CI Failures¶
Overview of CI Checks¶
When you open a PR against vLLM-Omni, several CI checks run automatically:
| Check | Platform | What it does |
|---|---|---|
| pre-commit | GitHub Actions | Runs linting (Ruff), formatting, spell-checking (typos), and YAML validation. |
| Build Wheel | GitHub Actions | Builds Python wheels for Python 3.11 and 3.12 on Ubuntu. Skipped for docs-only or Markdown-only changes (controlled by paths-ignore in the workflow). |
| DCO | GitHub | Verifies every commit has a Signed-off-by line. |
| docs/readthedocs.org:vllm-omni | Read the Docs | Builds the MkDocs documentation site. |
| buildkite/vllm-omni | Buildkite | Runs GPU-based tests on NVIDIA CUDA hardware (L4, H100). |
| buildkite/vllm-omni-amd | Buildkite | Runs GPU-based tests on AMD ROCm hardware (MI325). |
| buildkite/vllm-omni-intel | Buildkite | Runs GPU-based tests on Intel XPU hardware (Intel Arc BMG). |
Step 1: Identify the Failing Check¶
Click the Details link next to the failing check on your PR to open the build log. The most common failures fall into these categories:
pre-commit failures¶
These are typically formatting or linting issues introduced by your PR. Fix them locally:
Then commit the fixes and push.
DCO failures¶
Every commit must include a Signed-off-by line. If you forgot, amend your commits:
For multiple commits, use an interactive rebase to add the sign-off to each one.
Read the Docs failures¶
The documentation build uses MkDocs with fail_on_warning: true, so even a minor warning (not just errors) will cause the build to fail. To reproduce locally:
Common causes include broken cross-references, invalid admonition syntax, or missing files referenced by --8<-- includes.
Buildkite failures¶
Buildkite runs GPU tests in Docker containers. These are the most complex checks and can fail for reasons unrelated to your PR (infrastructure issues, flaky tests, etc.). See the sections below for how to investigate.

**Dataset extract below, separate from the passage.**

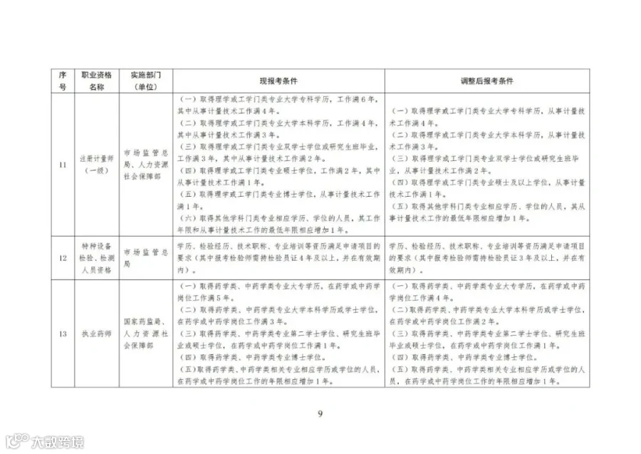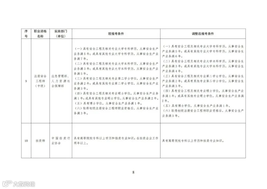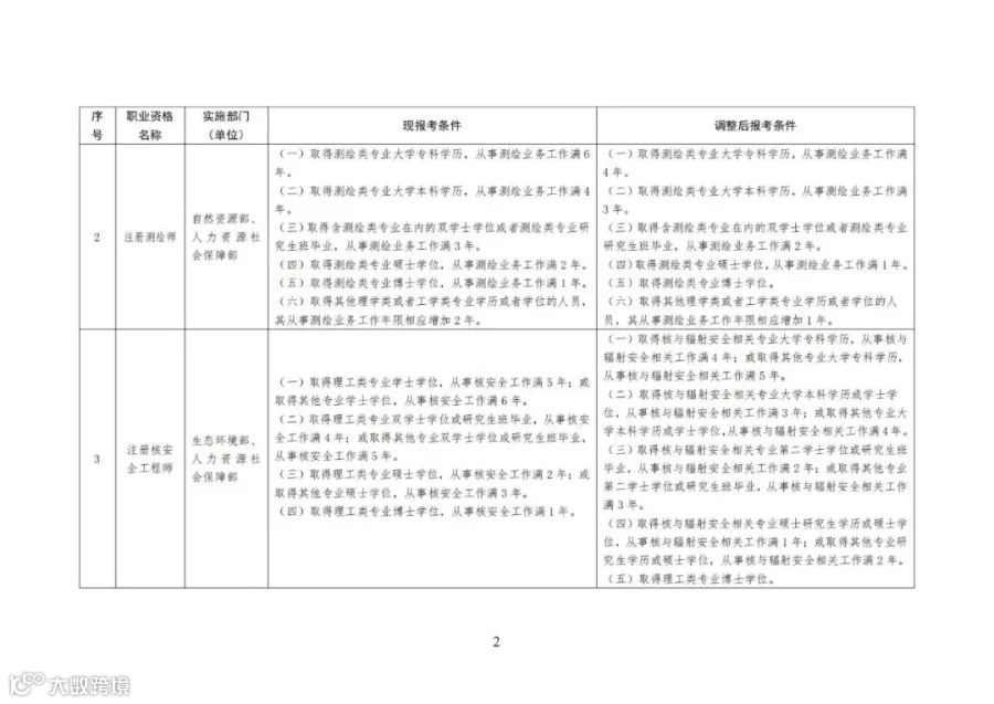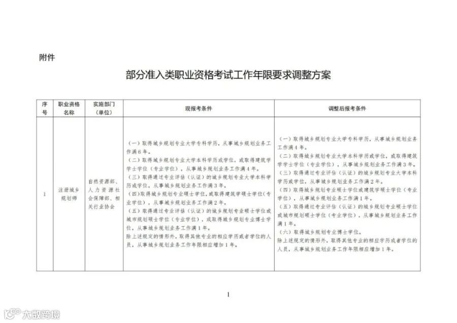 附件:部分准入类职业资格考试工作年限要求调整方案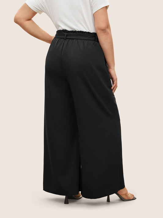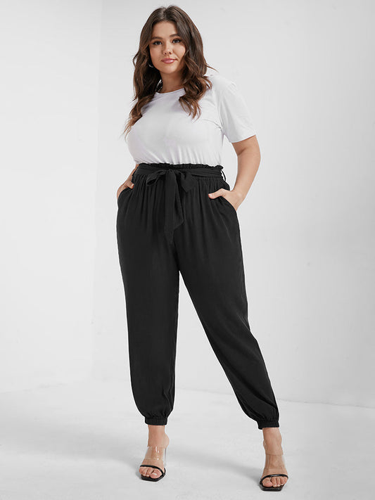 Plain Paperbag Waist Drawstring Hem Slant Pocket Pants

Step 2: Check if the Failure Is a Known Issue¶
Before spending time debugging, check whether the failure already exists on the main branch:
- Look at the Buildkite build log — the test name and error message are usually enough to identify the issue.
- Check recent CI runs on
main— if the same test is failing there, the failure is not caused by your PR. - Search existing issues — look for open issues in the vllm-omni issue tracker with the test name or error message.
If the failure is already tracked, leave a comment on your PR noting that the failure is pre-existing and link the issue.
Step 3: Investigate the Failure¶
If the failure appears to be new, investigate whether your changes caused it.
Reading Buildkite Logs¶
- Click Details next to the Buildkite check on your PR.
- Find the failing step in the pipeline (e.g., "Diffusion Model Test", "Simple Unit Test").
- Expand the step to see the full test output with the traceback.
Running Tests Locally¶
For instructions on running tests locally (including specific test files, functions, and markers), see the Running Tests section in the Test Guide.
Step 4: Raise an Issue or Fix It¶
If the failure is pre-existing (not caused by your PR)¶
- Raise a new issue if one doesn't already exist, using the title format:
[CI Failure]: [job-name] - [test-path] - Include the error message, relevant log excerpts, and the commit hash where the failure occurs (e.g., "Still failing on main as of commit
abc1234"). - Leave a comment on your PR linking to the issue and noting that the failure is unrelated to your changes.
If the failure is caused by your PR¶
- Fix the issue in your branch and push the update.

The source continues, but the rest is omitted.